5. Innovation Culture: Foster a culture of experimentation and continuous learning, encouraging rapid prototyping and data-driven decision-making
Job Requirements:
1. Education & Experience
- Bachelor's degree in Computer Science, Data Science, Engineering, Finance, or related field; Master's or PhD preferred.
- 10+ years of experience in data science, AI/ML, or analytics leadership roles, with 5+ years specifically in financial services or leasing/finance industries.
- Proven track record of deploying AI/ML solutions in production at scale within regulated financial environments.
2. Technical Skills
- Deep expertise in machine learning (supervised/unsupervised learning, deep learning, NLP, time series forecasting) and generative AI applications.
- Proficiency in Python/R, SQL, and cloud AI platforms (AWS SageMaker, Azure ML, GCP Vertex AI).

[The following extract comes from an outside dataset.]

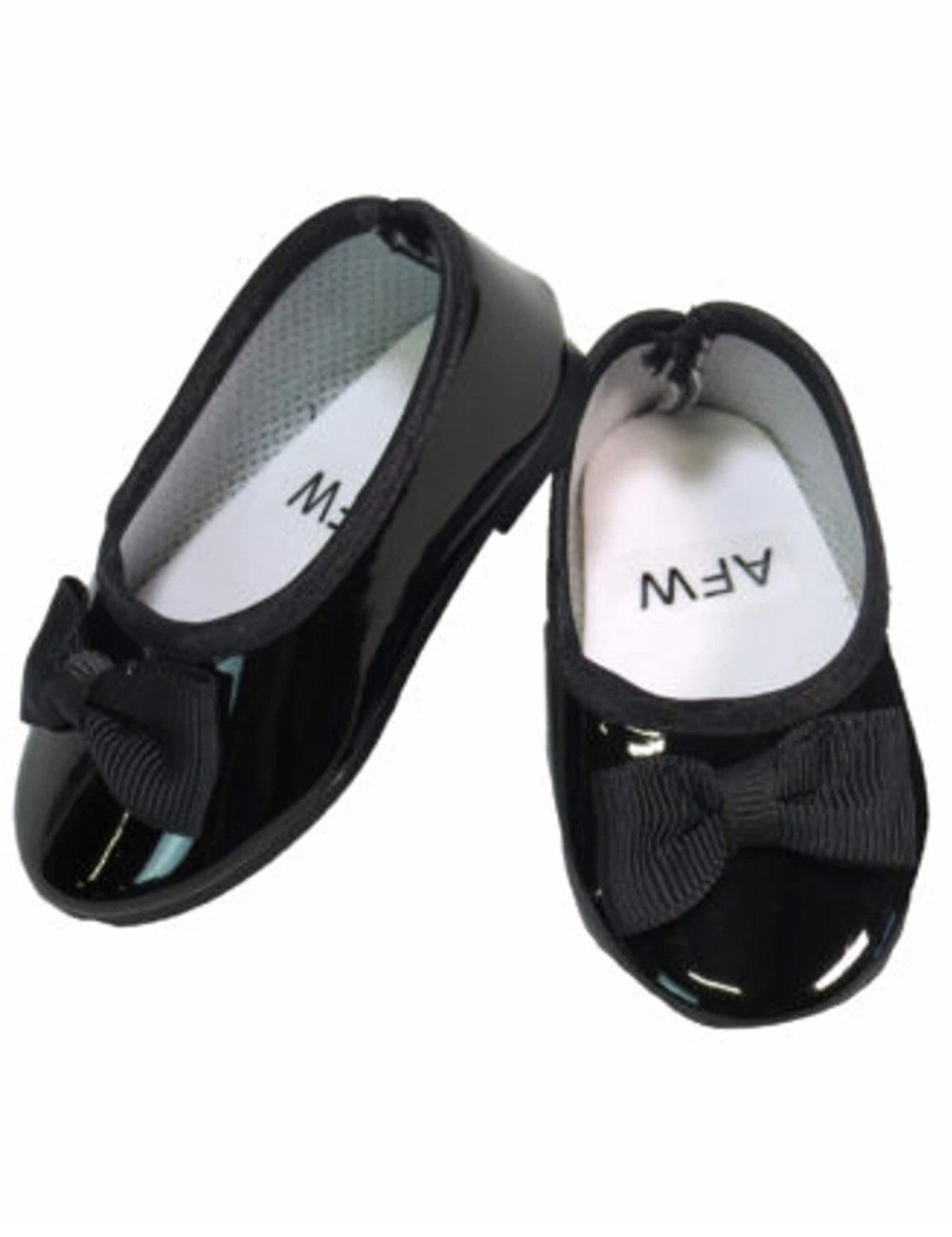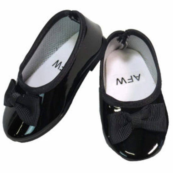 Black Patent Leather Flats w/ Bows Let your doll step out in style with these sleek black patent leather flats adorned with charming bows. The glossy finish adds instant polish to any outfit, while the bow detail brings a touch of elegance and fun. Perfectly sized for 18-inch American Girl dolls, these versatile flats work for everything from casual playdates to fancy dress-up adventures.

- Experience with MLOps practices (model CI/CD, monitoring, versioning) and ML frameworks.
- Understanding of leasing economics, credit risk modeling, and financial analytics—including NPV, NER, and cash flow modeling .
- Knowledge of lease accounting standards, regulatory compliance, and data privacy (GDPR, CCPA) .
3. Business & Leadership Skills
- Strong commercial acumen with ability to translate complex technical concepts into business value propositions for executive stakeholders .
- Experience building and leading high-performing data science teams in fast-paced environments.
- Exceptional communication and influencing skills; ability to drive change across organizational silos.
- Creative problem-solver who can think beyond conventional financial services approaches .
4. Key Success Metrics
- Business Impact: Measurable improvements in lease origination velocity, credit loss reduction, portfolio yield optimization, and operational cost savings.
- Model Performance: Accuracy, fairness, and stability of AI models; adherence to governance and compliance standards.
- Adoption Rates: User adoption of AI tools across commercial, credit, and operations teams.
- Innovation Pipeline: Number of new AI use cases identified and piloted annually.